WASHINGTON – The May 1 vote in the House Armed Services Committee authorizing a fiscal year military budget of $383.4 billion has drawn sharp criticism from peace and social justice groups who denounced the military-industrial complex for devouring billions of dollars that could be better spent to meet the nation’s crying needs in education, the environment, health and other social programs. The committee also approved a separate $10 billion military contingency fund.

The legislation, representing a $45.3 billion increase over spending in FY 2002, is the largest increase in military spending since 1966 at the height of the Vietnam War. It is the first step in a $2.5 trillion, five-year spending spree for weapons systems such as the F-22 fighter, the Crusader artillery system and Star Wars. Rep. Cynthia McKinney (D-GA) cast the lone vote against the measures when they cleared the committee by a 57-1 vote.

“I think the impact of the military budget in crippling our ability to meet human needs at home is enormous,” said Ruth Benn, a researcher for the War Resisters League (WRL) and author of a widely circulated leaflet titled, “Where Your Income Tax Money Really Goes.” Benn said that $876 billion, some 46 percent of the FY 2003 budget will go to pay for past, current and future wars, including interest on the national debt, as well as current operations and weapons.

“If you prepare for war, you are going to have war,” she told the World. Benn charged that top military contractors, such as GE, General Dynamics, Lockheed Martin and Boeing, are reaping huge profits from the swollen arms budget.

Scott Lynch, spokesman for Peace Action, cited the $11 billion Crusader artillery system as a classic example of the workings of the military-industrial complex. Lynch pointed to the actions of Army Secretary Thomas E. White, a former Enron Vice President, who is under investigation.

Defense Secretary Donald Rumsfeld alleges that White telephoned key Republican lawmakers earlier this month to tip them off that he planned to cancel the Crusader system. The $11 billion system is produced by United Defense, an Oklahoma-based subsidiary of the Carlyle Group, which has ties to the Bush family. This whole fight highlights some of the internal contradictions in the administration and the corporate interests they represent.
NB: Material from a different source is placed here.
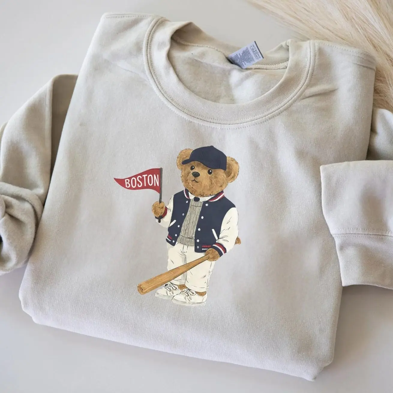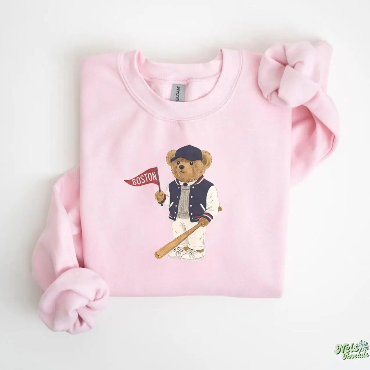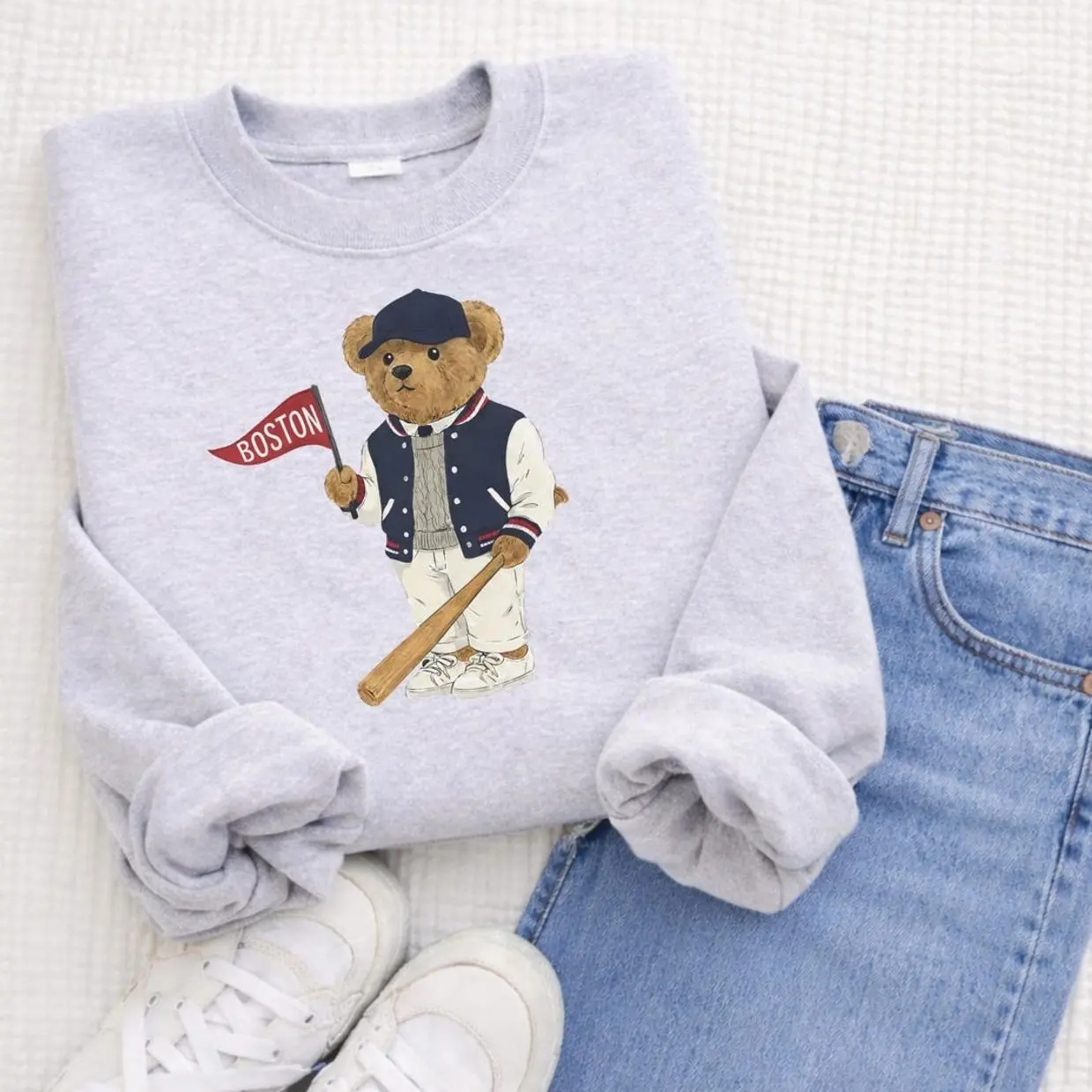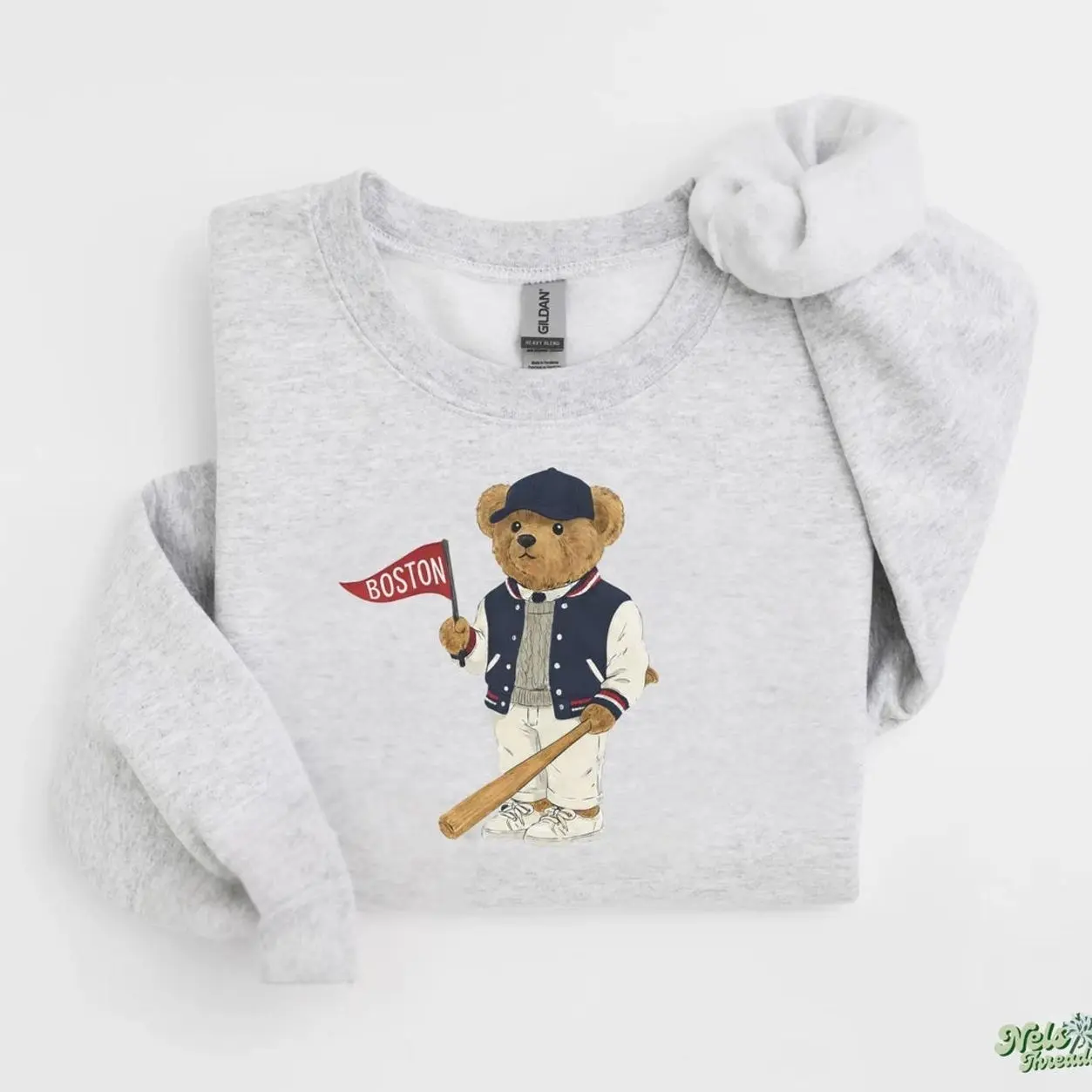 Boston Baseball Graphic Sweatshirt, Blue And Red City Pride Game Day Sweatshirts

“These Bush officials are poster children of what is wrong with American politics,” Lynch told the World. “Many of them came straight out of the military-industrial complex.” Lynch said there is an orgy of military spending and all these weapons are being funded adding: “President Eisenhower’s warning about the military-industrial complex has come to fruition.”

Bush’s military buildup comes in the midst of a recession that has sharply reduced tax revenues and a budget crisis created by last year’s $2 trillion tax cut for Big Business and the rich. The budget surpluses once enjoyed by federal, state, and local governments have vanished, with states’ combined deficits of more than $70 billion.

While waste continues unabated in the Pentagon, social programs are cut, under-funded or “zeroed out.” The budget resolution that cleared the House earlier this year cut $700 million in job training and employment programs, $85 million to train doctors in children’s hospitals, $596 million from the Department of Education, $9 million from worker safety programs, $268 million from Community Block Grants to states, and $417 million to repair public housing.

Although Bush had to retreat on plans to cut the Pell Grant Program, which enables minority and working-class youth to attend college, the White House continues to whittle away at the student loan program. And here, as is the case in a growing number of instances, the administration is faced with a growing backlash.

“All over the country, students and their families are facing tuition increases that endanger their dreams of a college education,” said Julia Beatty, president of the United States Student Association. “The financial aid funding that was proposed in the administration’s budget is woefully inadequate.”

All this points to the fact that in order to stop the unending war policies of the Bush administration, it’s going to come down to the majority of American people demanding ‘butter, not guns.’